Burundi is one of the poorest countries in the world, with a population of 14.4 million people as of 2025. Generally, there have been some improvements in the key health indicators such as life expectancy, child mortality and maternal mortality over the last fifty years. According to UNWPP, the life expectancy of Burundi has gradually increased from 40.9 years in 1950 to 63.7 years in 2023. Despite the improvement in life expectancy, it remains below the current world average of 73.2 years.

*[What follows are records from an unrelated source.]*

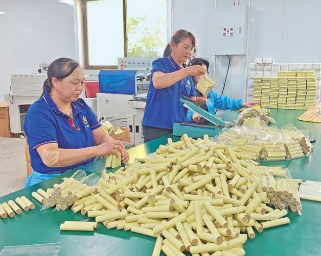 在紫阳县华会实业有限公司车间,工人在打包艾灸条产品(资料照片)。
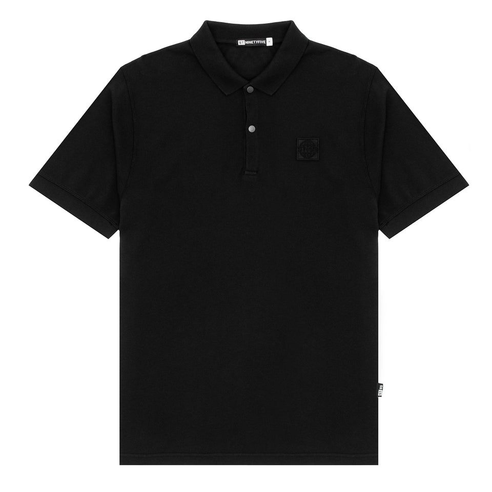 The ST95 SS Nucleo Stella Polo in Black offers a regular fit with a slim two-button placket for a refined look. It features the ST95 globe patch on the front left chest and is crafted from soft organic piqué fabric. The polo is garment dyed by our certified dye house and includes a branded side tab on the inside seam.
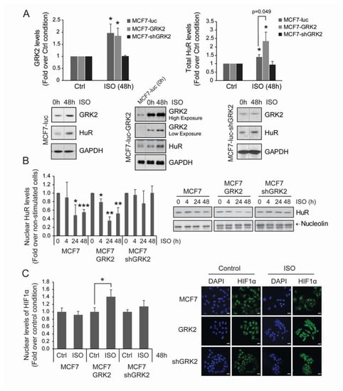 Therefore, we addressed whether chronic β2-adrenergic receptor stimulation promoted HuR regulation by GRK2 in MCF7 breast cancer cells. Isoproterenol challenge upregulated total HuR protein levels in both parental and MCF7-GRK2 cells, but not in GRK2-silenced cells (Figure 6A). Isoproterenol also triggered parallel changes in GRK2 protein, suggesting that adrenergic effects on HuR levels involve GRK2. In addition, isoproterenol stimulation also promoted a reduction of HuR nuclear protein levels in parental cells, and this effect was potentiated in the presence of extra kinase in MCF7-GRK2 cells (Figure 6B). However, isoproterenol treatment failed to promote the nuclear exit of HuR in MCF7-shGRK2 cells, indicating that GRK2 activity is required for HuR mobilization. Consistent with the increased mobilization of nuclear HuR, nuclear HIF1-α protein was upregulated after 48 h of βAR stimulation in cells overexpressing GRK2, compared to parental cells (Figure 6C).
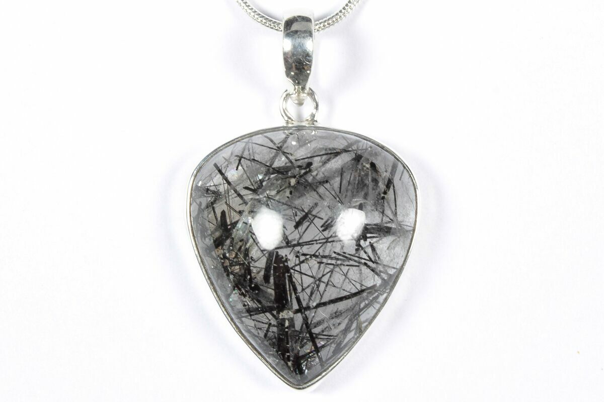 1.2" Glassy Tourmalinated Quartz Pendant - 925 Sterling Silver
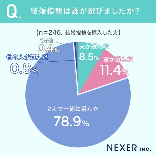 最も多かったのは「2人で一緒に選んだ」で、78.9%と約8割を占めています。次いで「妻が選んだ」が11.4%、「夫が選んだ」が8.5%、「他の人が選んだ」が0.8%、「その他」が0.4%という結果でした。

Over the past forty years, the maternal mortality rate has greatly reduced from 1428 deaths per 100000 live births in 1985 to 392 deaths per 100000 live births in 2023. However, this maternal mortality rate is two times higher than the world average of 197 deaths per 100,000 live births. In addition, child mortality has also declined gradually in the last 20 years from 170 deaths per 1000 live births in 1995 to 49 per 1000 live births in 2023. The total fertility rate of Burundi reduced from 7.0 births per woman in 1960 to 4.9 births per woman in 2022, though it remains higher than the global average. The low life expectancy and high child mortality rate, and high fertility rate in Burundi, indicate that the overall health status of the country is generally poor.

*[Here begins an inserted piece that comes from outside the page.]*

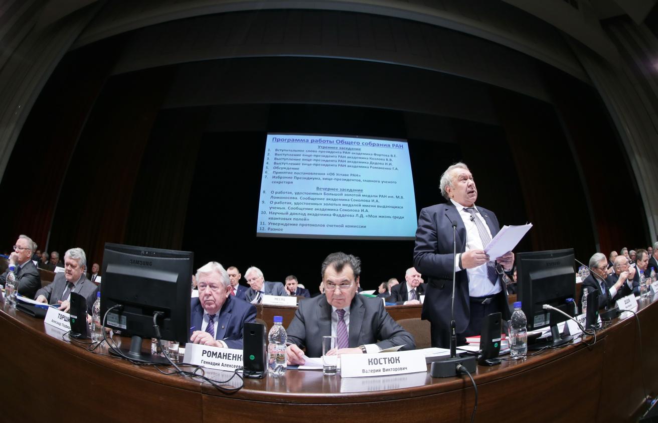 Общее собрание РАН продолжает работу. В первой половине дня был принят новый устав объединенной академии. Как ранее отмечал президент РАН Владимир Фортов, принятие устава необходимо, поскольку он отражает перемены, происшедшие в российской академической науке в ходе реформы за последний год.
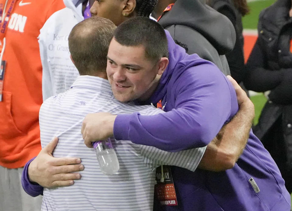 Clemson football head coach Dabo Swinney hugs former Tiger and current NFL New Orleans Saints player Bryan Breese during 2026 Clemson Pro Day in the Poe Indoor Facility at Clemson University in Clemson Thursday, March 12, 2026.

Civilians in Burundi have lived through years of conflict due to the civil war, leaving many civilians facing economic crisis. The government has had limited capacity to invest in the health system, so the health infrastructure is poor. The link between health and poverty is undeniable. Many Burundians do not have access to primary health care. Despite this, the Human Rights Measurement Initiative finds that Burundi is fulfilling what it should be for the right to health based on income levels. Burundi had the lowest consumption of antibiotics of any country in the world in 2015 with a rate of 4.4 defined daily doses per 1,000 inhabitants per day.

== Health status ==
As of 2019, the average life expectancy in Burundi is estimated at 62 years, up from 49 years in 2000.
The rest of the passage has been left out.